### [Exercise goal]
Word for word, reproduce each line of the data below, omitting every image.

START Supplied information

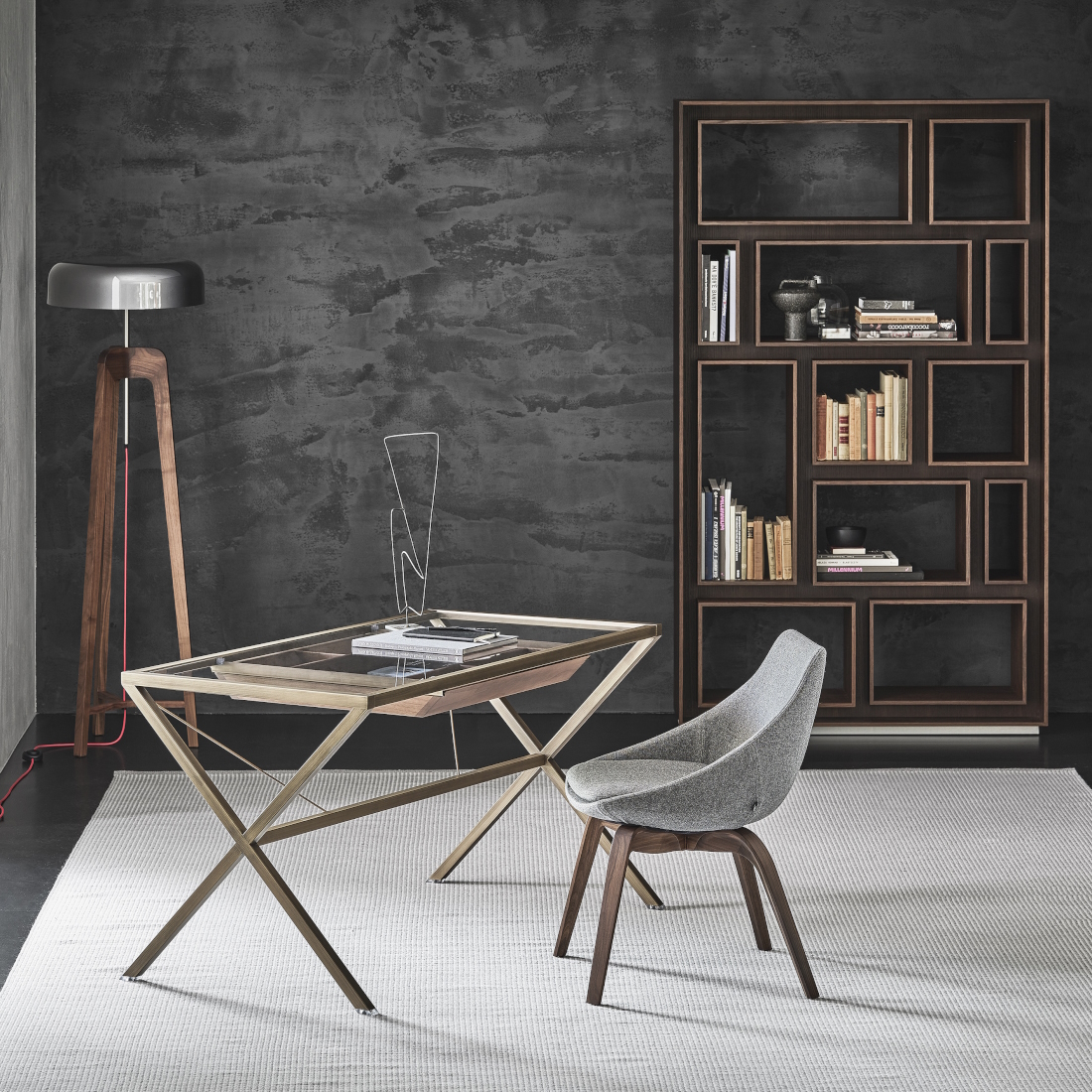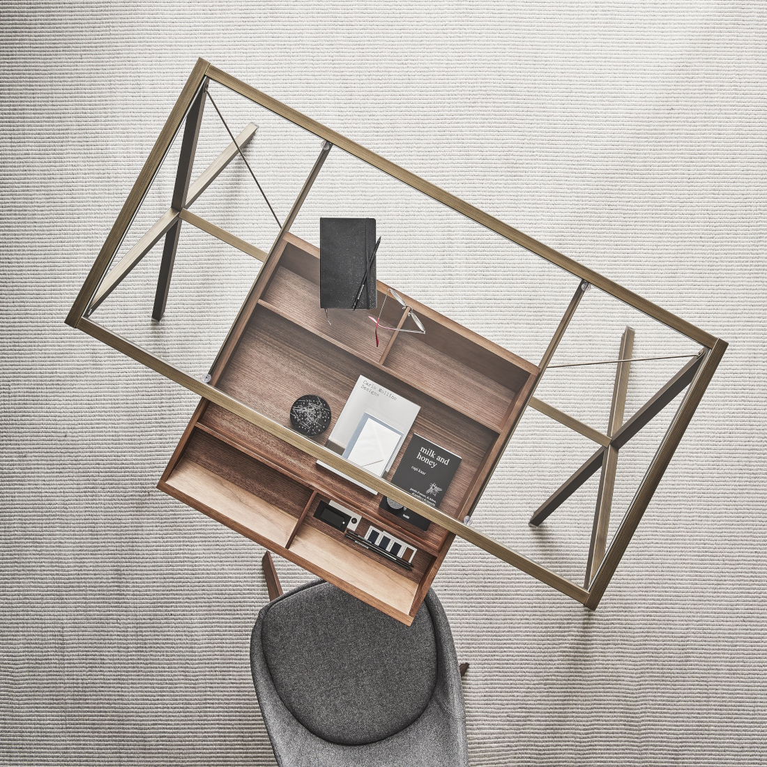 Composed with graphic tension and sculptural lightness, the Porada Stylo writing desk introduces architectural clarity to refined home offices and contemporary glass-wrapped workspaces. Its X-frame base in brushed bronzed brass supports a floating 8mm tempered glass top—offering both transparency and visual weightlessness.
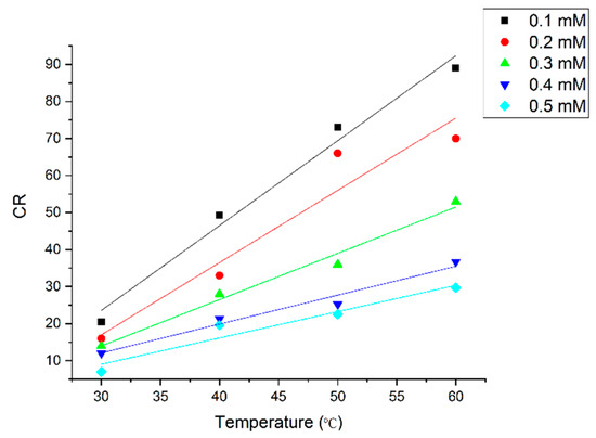 Effect of temperature on CR at different concentrations for an immersion time of 5 h.
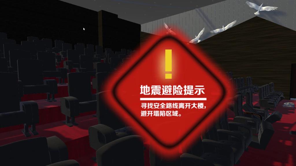 該VR軟件在電影院發(fā)生地震,首先要保持鎮(zhèn)靜,不能驚慌亂跑;隨機(jī)應(yīng)變躲到就近比較安全的地方,例如椅子旁邊、椅子下邊、墻根;如果離著安全出口非常近,可以沖到室外的安全地帶;地震停止后,在現(xiàn)場工作人的引領(lǐng)下,有序逃出,逃生時應(yīng)該保護(hù)好頭部。

END Supplied information

### [Answer below]
 Composed with graphic tension and sculptural lightness, the Porada Stylo writing desk introduces architectural clarity to refined home offices and contemporary glass-wrapped workspaces. Its X-frame base in brushed bronzed brass supports a floating 8mm tempered glass top—offering both transparency and visual weightlessness.
 Effect of temperature on CR at different concentrations for an immersion time of 5 h.
 該VR軟件在電影院發(fā)生地震,首先要保持鎮(zhèn)靜,不能驚慌亂跑;隨機(jī)應(yīng)變躲到就近比較安全的地方,例如椅子旁邊、椅子下邊、墻根;如果離著安全出口非常近,可以沖到室外的安全地帶;地震停止后,在現(xiàn)場工作人的引領(lǐng)下,有序逃出,逃生時應(yīng)該保護(hù)好頭部。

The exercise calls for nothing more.